Early modern audiences had access to linguistic and cultural signified that we do not, and given this reality, a certain amount of rescripting is to be expected, but when the process is initiated it is possible to go too far. Directors may be too quick to cut through rather than solve the problem, and it is worth considering whether these plays can still speak to audiences on their own terms: "do they reveal something distinctive about their world or is the goal to adapt them so that they reveal (or appear to reveal) something pointed about ours" (63)?

Analysis

Largely a re-hash of the first chapter, citing different examples, and calling attention to the fact that directors may be less intimidated to rescript works that are not Shakespeare's. What Dessen seems to be getting at is that there is a fine line between editing and adapting a work for the stage, and despite his claim to trust actors and directors in the first chapter, he very clearly finds problems with some of the productions that strike him more as adaptations. His final note, asking the question "why stage them at all" could be taken either as philosophical meditation or as something more passive-aggressive. Ultimately, though, I think that is a good question for any director to ask before tackling a project that will require changing the through line of the play.

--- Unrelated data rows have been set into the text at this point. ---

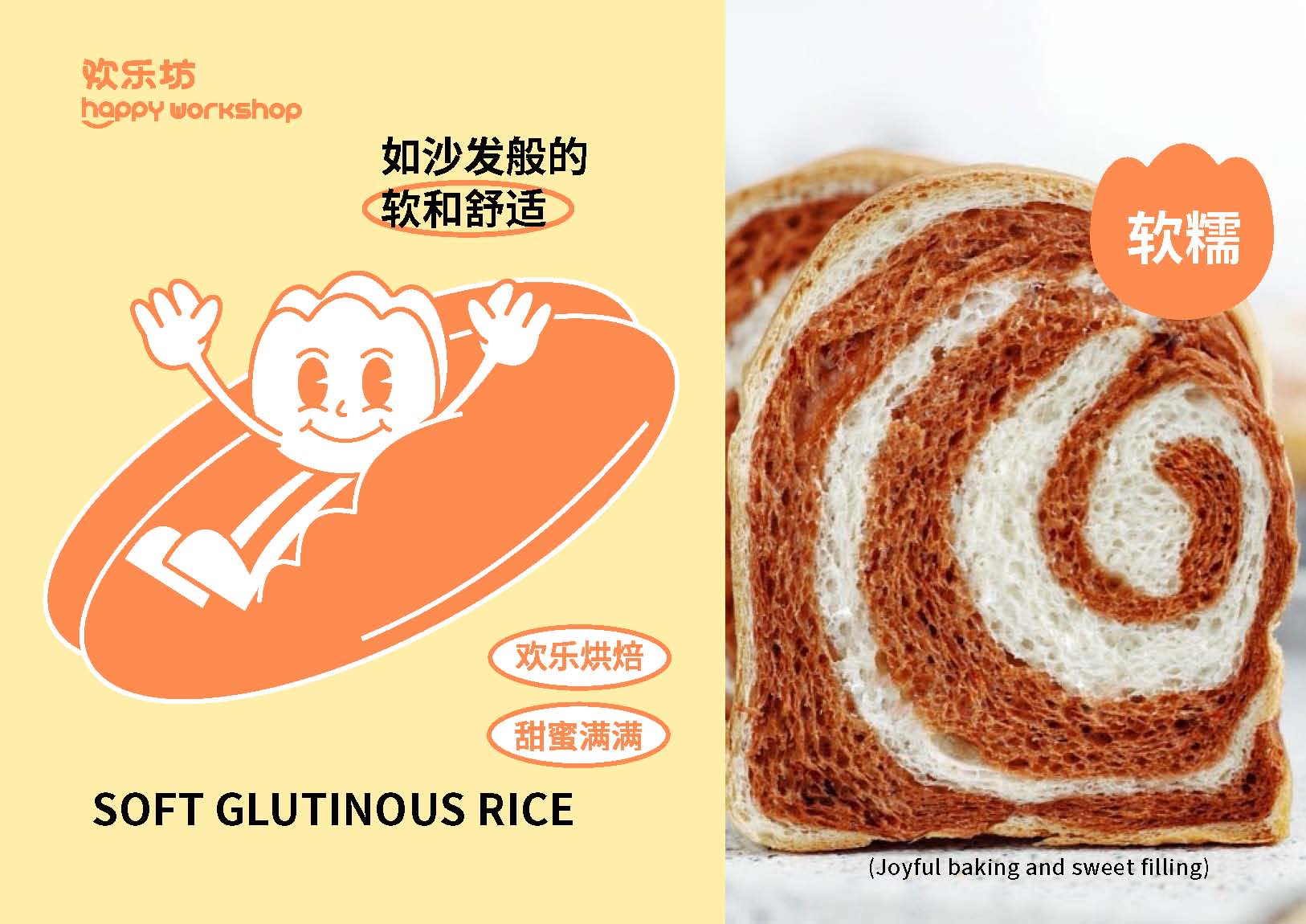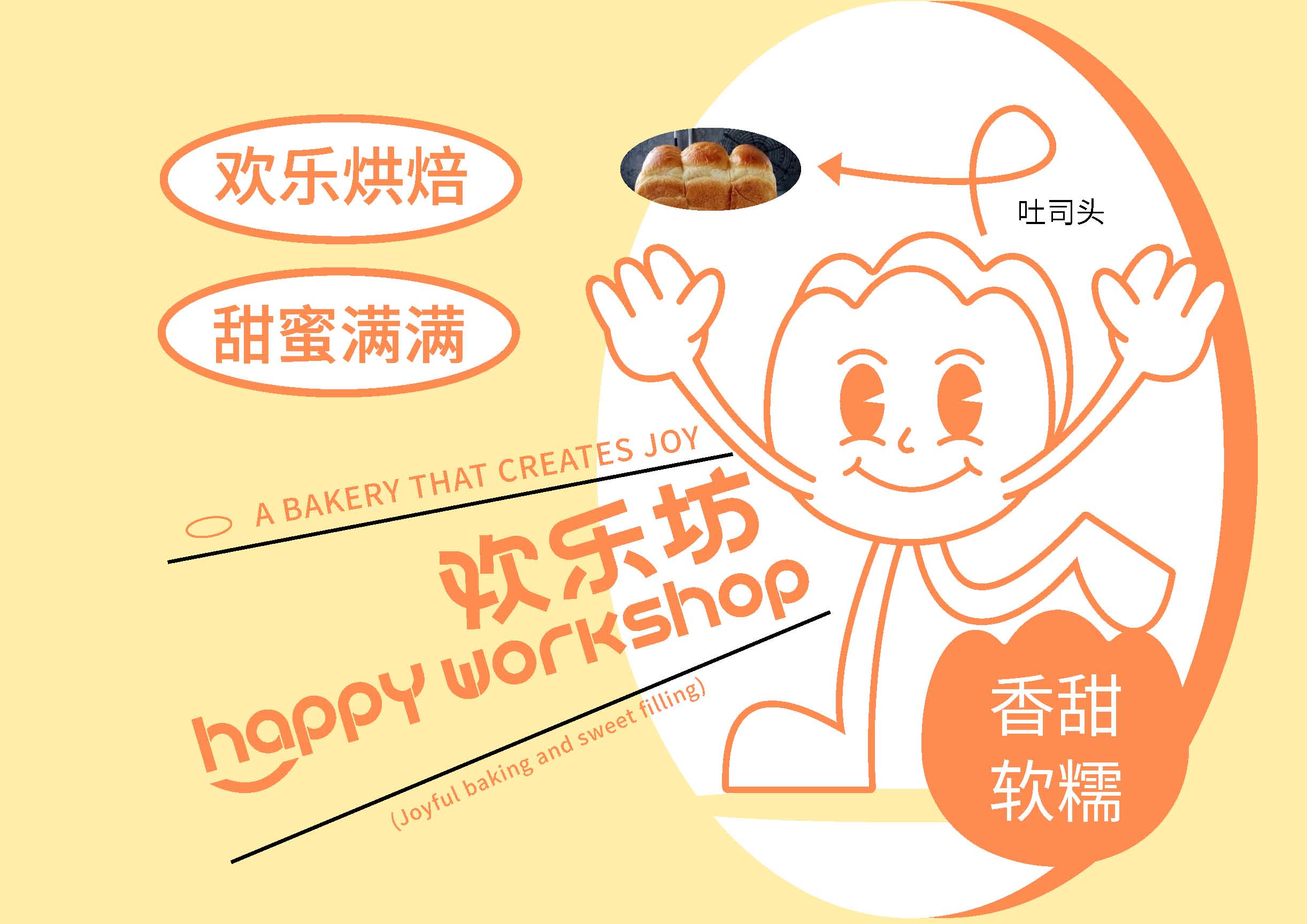 Under the pressure of work and life, the spirituapressure of young sages increases. We hope to bringdelicious food to the taste while also bringing spiri-tualjoy and relaxation to young consumers throughbaking sweet food. This design revolves around therelaxed and cheerful brand name.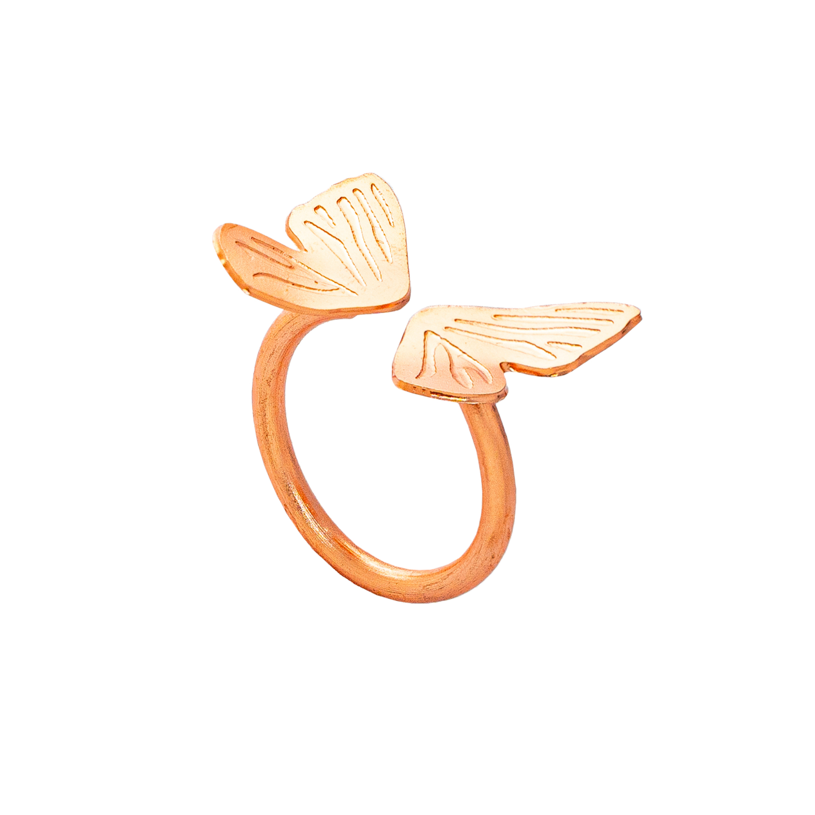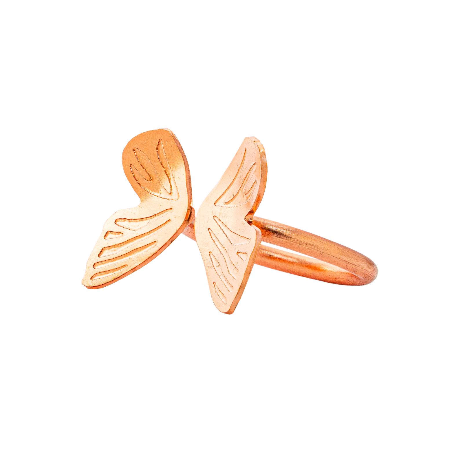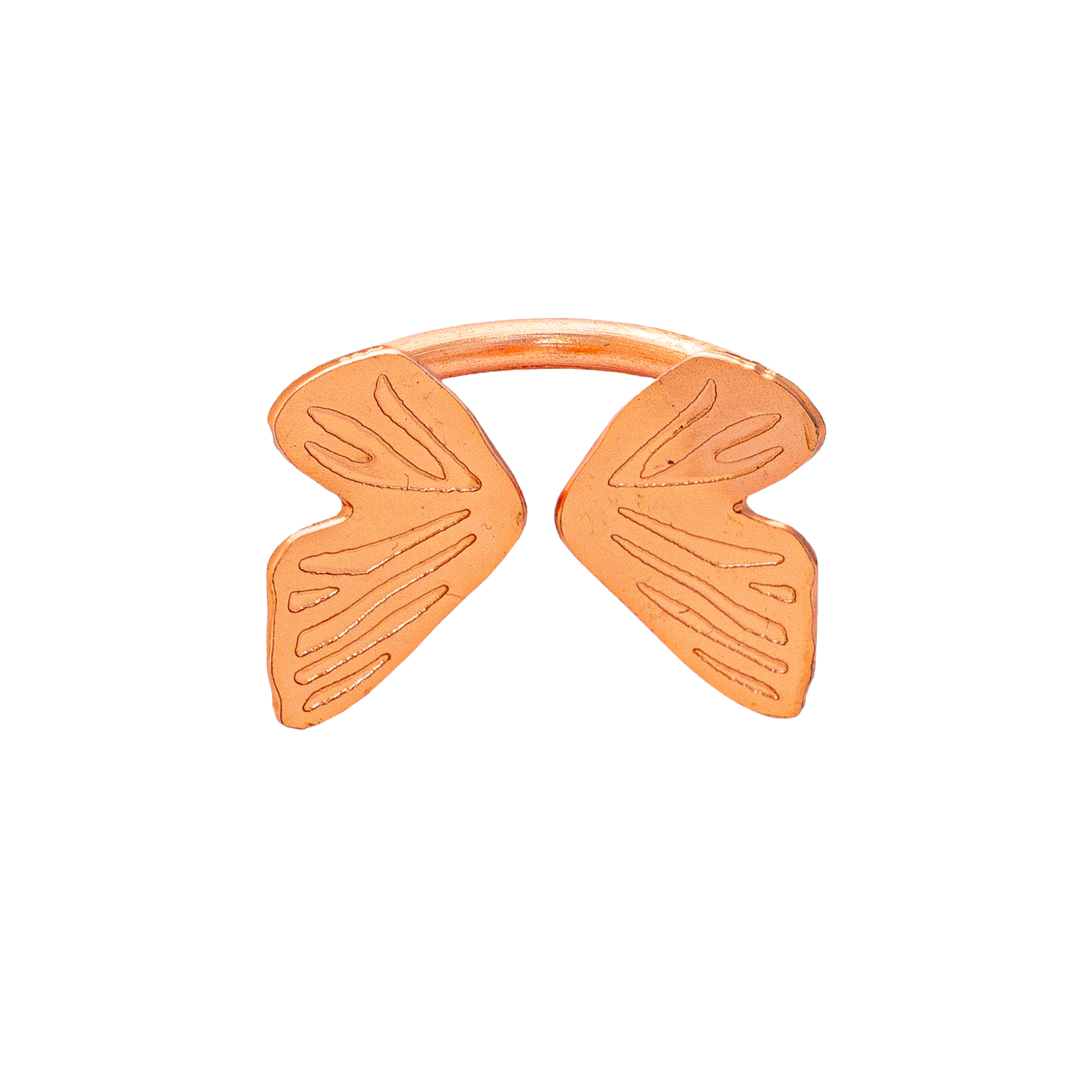 A Lepke gyűrű egy finom, kézzel készített darab tömör vörösrézből, amelyet az átalakulás és újjászületés szimbolikája ihletett. A két gondosan formált szárny letisztult, elegáns formában találkozik — visszafogott, mégis figyelemfelkeltő.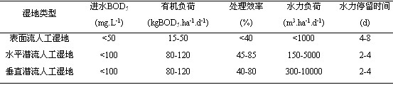 表1 小規(guī)模人工濕地設(shè)計(jì)參數(shù)

For my part, I think my edits to Merry Devil were conservative enough that I would have fallen into the category of mild rescripting as opposed to out and out adaptation, but some other plays I've worked on (most notably Macbeth and The Tempest with the Bakerloo Theatre Project) were decidedly on the heavy adaptation side of Dessen's line. Audiences tended to respond well to these productions, and the new through lines created have had a tendency to illuminate parts of the script that might otherwise go unnoticed to a modern audience. That is where I see a real strength to adaptation: illuminating some of the dark corners of these works.